[REQUIRED ACTION]
Since the listing below shows pictures, leave them out and write out exactly the lines from the line with "Student eResource: HelpNow" to the line with "Plecak skórzany ze", both included, and no others.

[INFORMATION SHOWN]
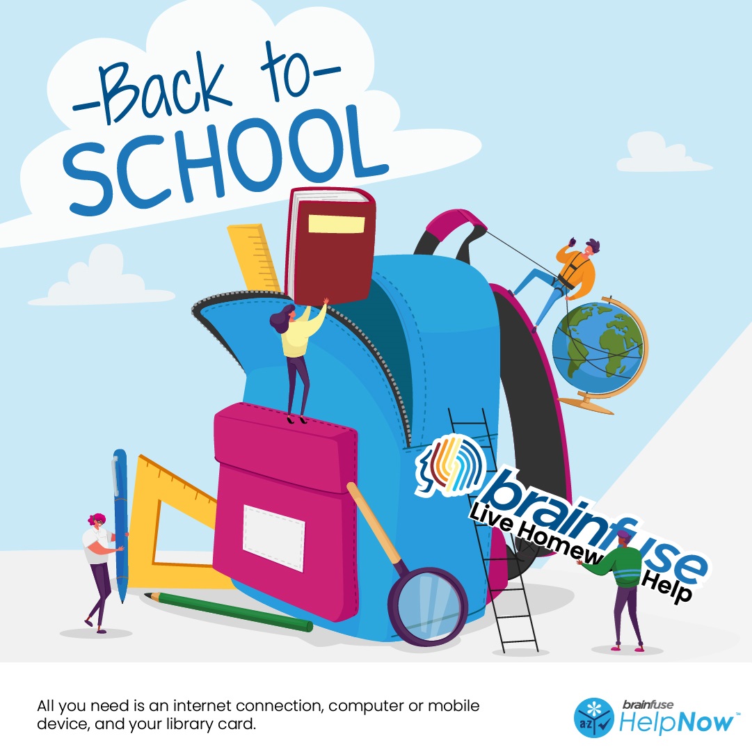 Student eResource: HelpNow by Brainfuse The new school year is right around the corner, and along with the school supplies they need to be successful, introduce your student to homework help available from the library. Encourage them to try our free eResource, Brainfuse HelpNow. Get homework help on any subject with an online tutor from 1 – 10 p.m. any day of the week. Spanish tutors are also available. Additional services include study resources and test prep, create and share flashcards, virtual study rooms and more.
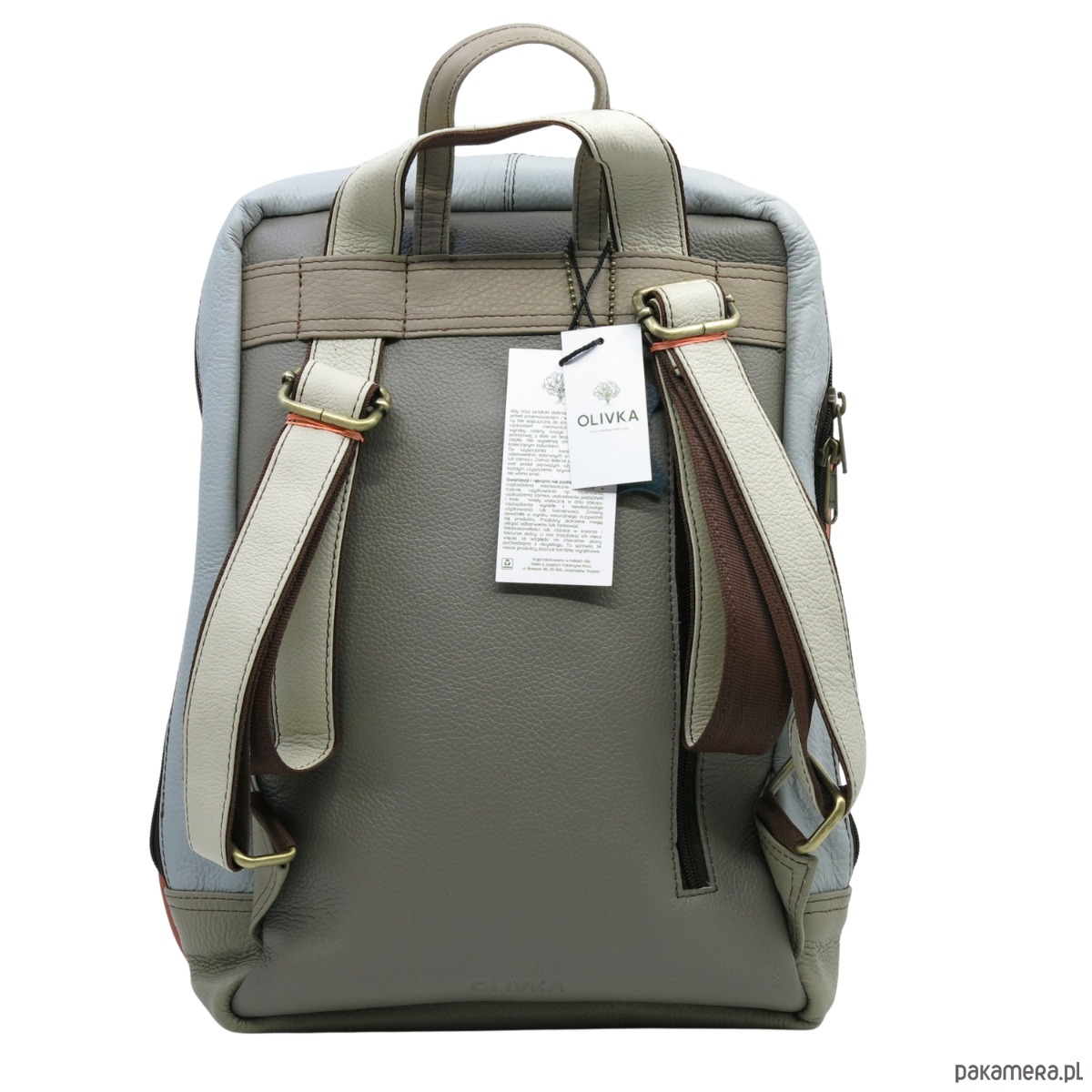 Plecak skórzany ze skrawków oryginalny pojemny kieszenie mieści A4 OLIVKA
--
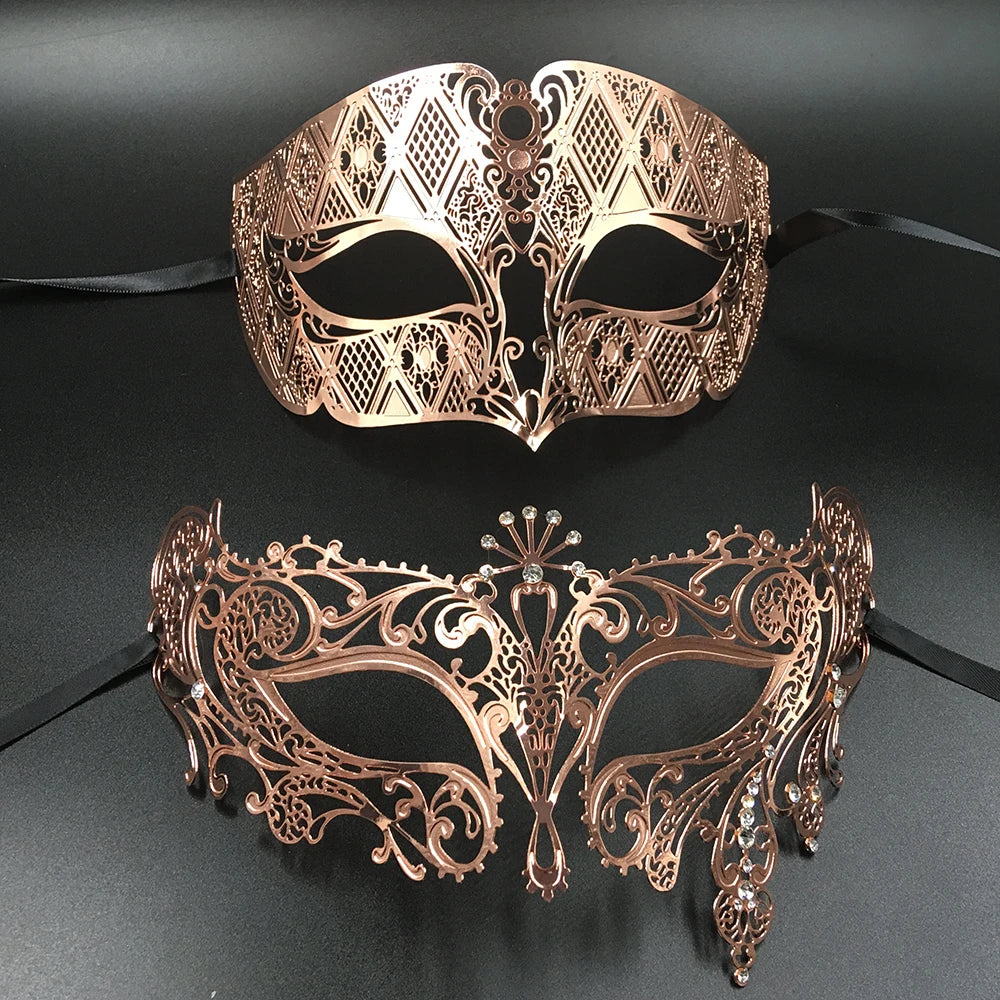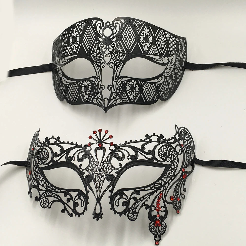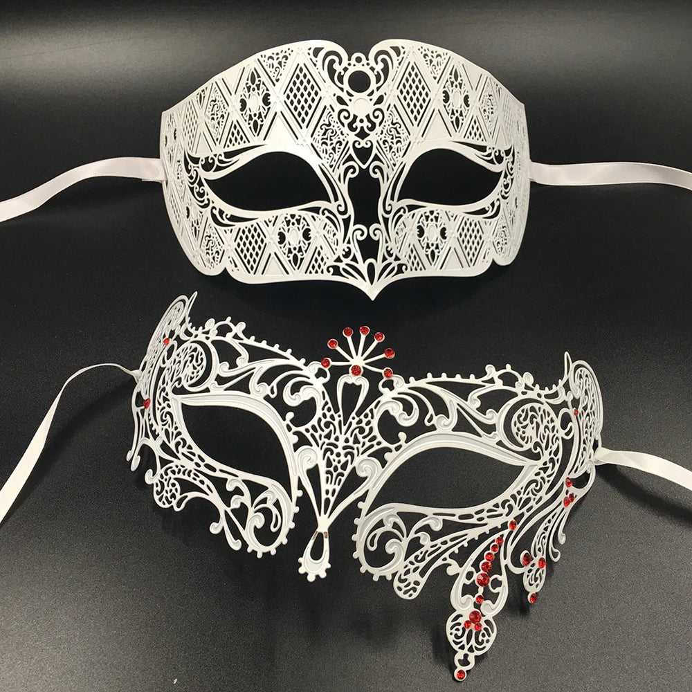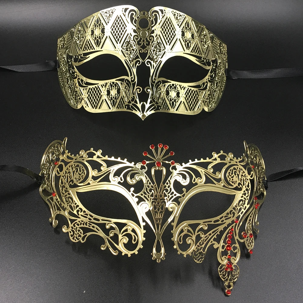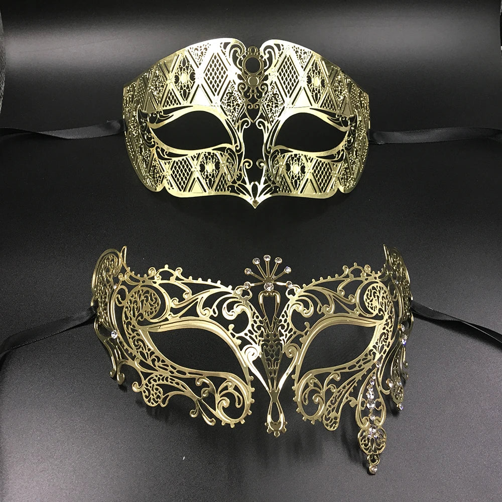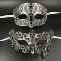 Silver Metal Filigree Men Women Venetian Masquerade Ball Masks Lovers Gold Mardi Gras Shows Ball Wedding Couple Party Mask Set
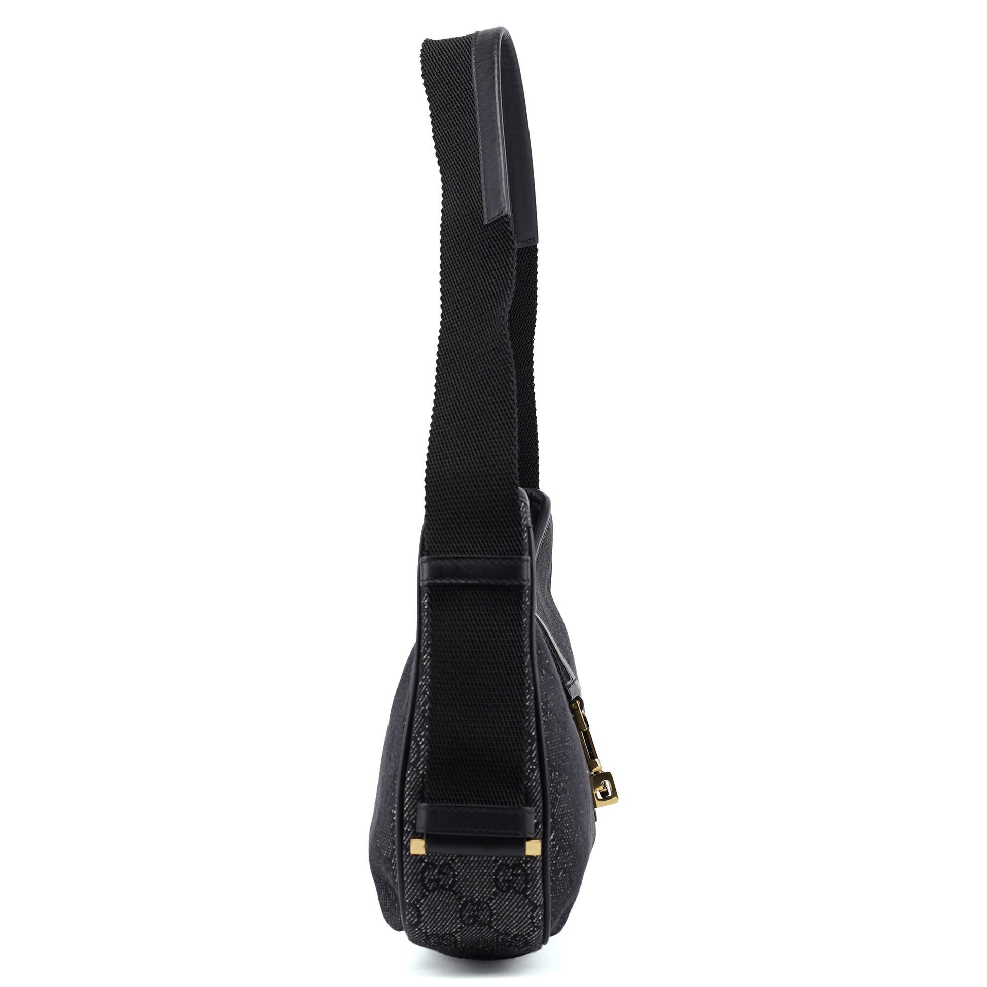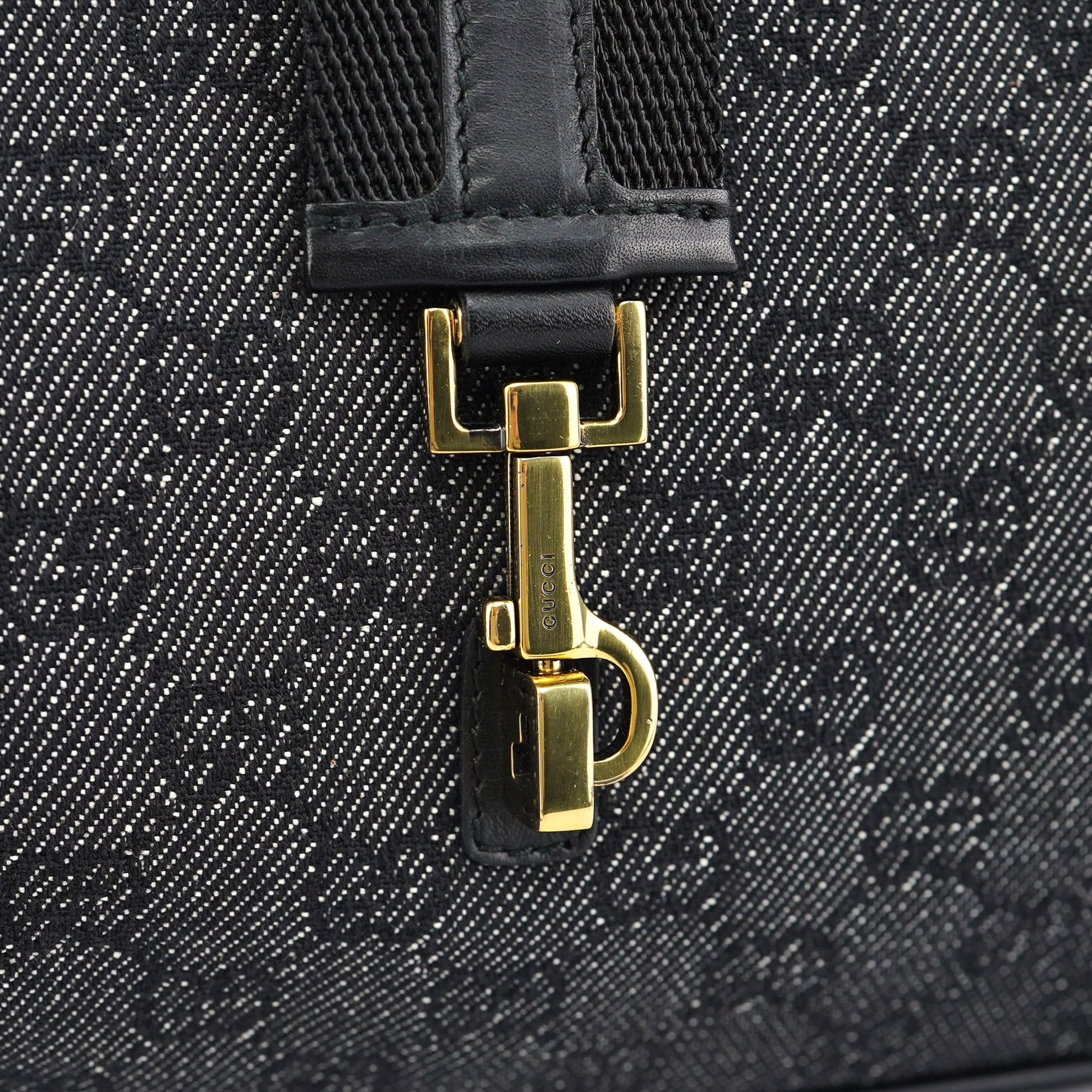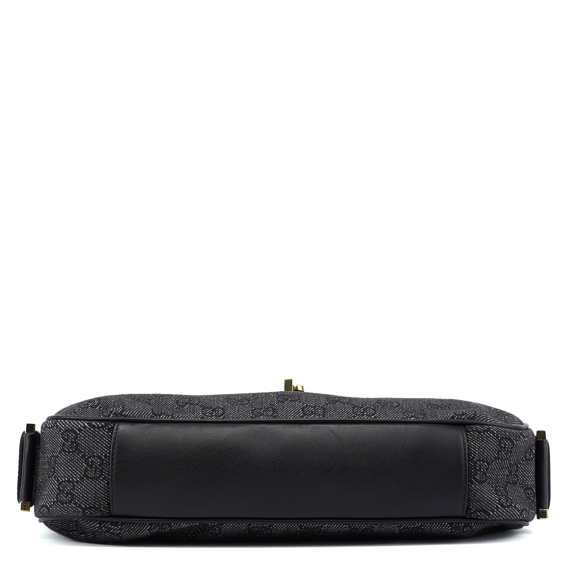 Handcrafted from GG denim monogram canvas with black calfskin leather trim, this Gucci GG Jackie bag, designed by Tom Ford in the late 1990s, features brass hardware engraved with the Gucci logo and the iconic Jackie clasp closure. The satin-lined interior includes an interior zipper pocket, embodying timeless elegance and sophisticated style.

[RESULT FOR THIS TASK]
 Student eResource: HelpNow by Brainfuse The new school year is right around the corner, and along with the school supplies they need to be successful, introduce your student to homework help available from the library. Encourage them to try our free eResource, Brainfuse HelpNow. Get homework help on any subject with an online tutor from 1 – 10 p.m. any day of the week. Spanish tutors are also available. Additional services include study resources and test prep, create and share flashcards, virtual study rooms and more.
 Plecak skórzany ze skrawków oryginalny pojemny kieszenie mieści A4 OLIVKA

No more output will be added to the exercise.